Tips For Purchasing The Best Olive Oil From Italy3540758
Say "Olive Oil" to most Americans and they think "Italy." Good for the Italian olive oil producers, but is olive oil from Italy really the very very best? What the Italians do not want you to know is that Italy consumes a great deal much more olive oil than it produces. So exactly where does olive oil from Italy come from?
Large Italian olive oil businesses purchase their oil from Greece, Spain, and the Middle East. The oil is shipped to Italy, where it is blended, bottled, and exported to America, where individuals looking for olive oil from Italy will buy it with out suspecting its true origins. On this extremely lengthy provide chain, the oil gets older and loses its distinctive qualities as it is blended. The fats involved are nonetheless the healthy fats, but even if it grades as "Additional Virgin Olive Oil" it is high quality is questionable.
Which brings us to a good question: What is Additional Virgin Olive Oil? In the old days, it was the oil from the first pressing of the olives, which had the lowest acid content. Times have changed.
Today most olive oil is produced in a different way - no more crushing olives with stones, pressing it with weights, and heating it up to get out the lower quality oil. In a modern olive press, the olives are crushed in a steel machine and the oil is extracted by centrifuge. The temperature is kept low to shield the oil quality. There are no subsequent pressings - all of the edible oil is extracted at the same time. The secret: if the olives were harvested at the right time and handled properly, every drop of this oil is additional virgin.
Does all this mean that you can't get a good olive oil from Italy? No, absolutely not. But you cannot get a good olive oil from Italy from mass producers - the ones your grocery shop stocks. That oil serves its objective - and it won't hurt you. But to get a leading olive oil from Italy, you have to look to the smaller sized, artisan, estate producers. These producers grow their personal olives and are very careful about handling their item.

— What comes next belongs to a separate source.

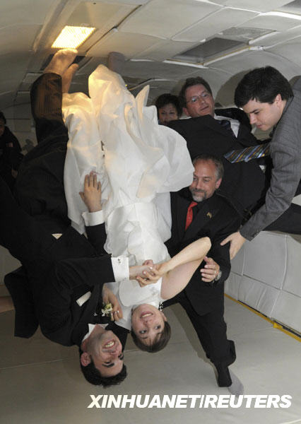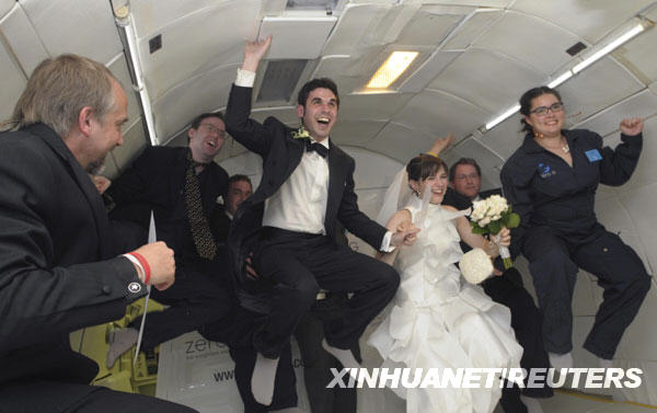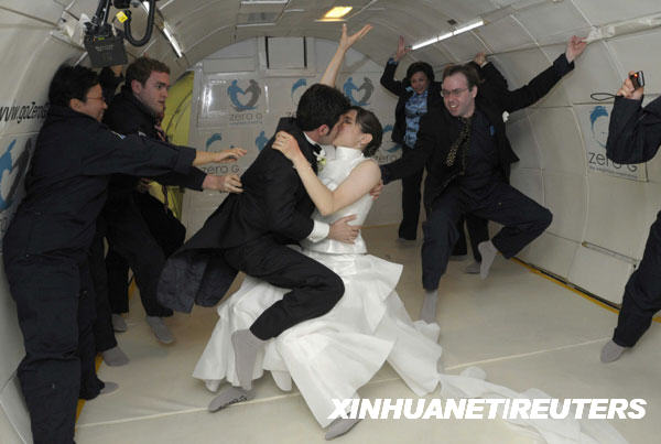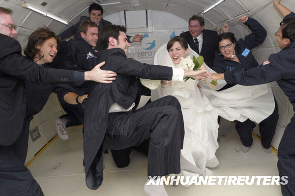 6月20日,来自美国纽约的诺厄·富勒莫和埃琳·芬尼根在一架特制的波音727型飞机上举行的“零重力”婚礼上接吻。当天,这对新人搭乘这架飞机从位于佛罗里达州卡纳维拉尔角的肯尼迪航天中心出发,成为世界上首对在零重力状态下举行婚礼的夫妇。新华社/路透 |

Poor handling and storage of olive oil is the very best way to ruin a great item. Let it get warm, expose it to light and oxygen, let it get old and you turn a magnificent natural item into 'just an oil.' It loses most of the qualities that make olive oil not just good for you, but enjoyable. The significant producers do not take the exact same care as the artisans. Neither does your nearby grocery shop.
So the next time you are searching for a top olive oil from Italy, appear to the smaller sized producers. With the web, what utilized to be reserved for guests to Italy is within the reach of Joe in Wisconsin. These small producers are out there, and their fresh olive oils are some of the very best olive oils accessible anyplace.